8: did they have color pictures back then?
😒
ME: [bird watching]
PIGEON: [looking out window] Babe he’s back.
I’m so glad my kids have a 3-day weekend because that means I get an extra day of listening to them yell at Fortnite.
*Corrects the grammar on your Christmas card and mails it back*
Rumor has it, some people get things accomplished without whining about it. Not my style.
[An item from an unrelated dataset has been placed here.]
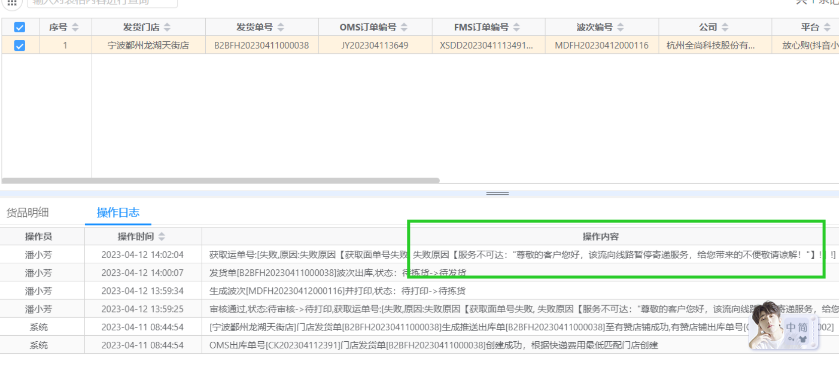 (8)有些条码枪扫了之后不会自动回车,比如扫了波次条码后,下面的发货单没有跳出来,那么扫了之后手动按一下enter键;或者有的门店反馈切一下输入法即可;

Interesting concept, though.
professor x: what’s your superpower?
me: heavy-handed product placement
professor kfc: that’s finger lickin’ good
Well, well, well, look who is who he says he is.
~The guy with the blue check by his name.
Hate it when I bring someone back to my place for the first time and all they want to talk about are the corpses.
Pharmacies could save a lot of hassle and just have customers walk through a denim detector to see if they’re cooking meth.
Salesman: That’s our best selling couch.
Me: *sits* *bounces*
Salesman: What do you think?
Me: *grinning* Sofa so good.
Salesman: Please leave.
Me: huh why is Cinnamon Toast Crunch Shrimp trending
30 seconds later: I’ve made a terrible mistake
Went to the doctor for my lower back pain and he diagnosed me with being 42.
(first date)
Her: I love Star Trek
Me: Me too!
Her: What’s your favourite part?
Me: *sweating* uhh when the stars go trekking!
If you feel yourself getting sawed in half, he’s probably not a real magician.
I’m concerned that some of you are experts in your fields of employment.
THE 3 PEOPLE IN EVERY CHIPOTLE LINE:
– guy ordering for his whole office who takes forever
– white lady who’s never been there before and doesn’t like spicy food. ends up getting a bowl of white rice and chicken
– guy who leans over sneeze-guard and is shouty about his order
I try to avoid things that make me fat, like scales, mirrors, and photographs.
I haven’t swam competitively since I was a sperm.
Me [eating an entire rotisserie chicken]: they say never go shopping hungry
My GF: we’re going to Lowe’s
To sell their vehicles one company is featuring a heart felt country ballad, “I’ve got a heart like a truck.” So, if you live in the suburbs do you have a heart like a four door sedan?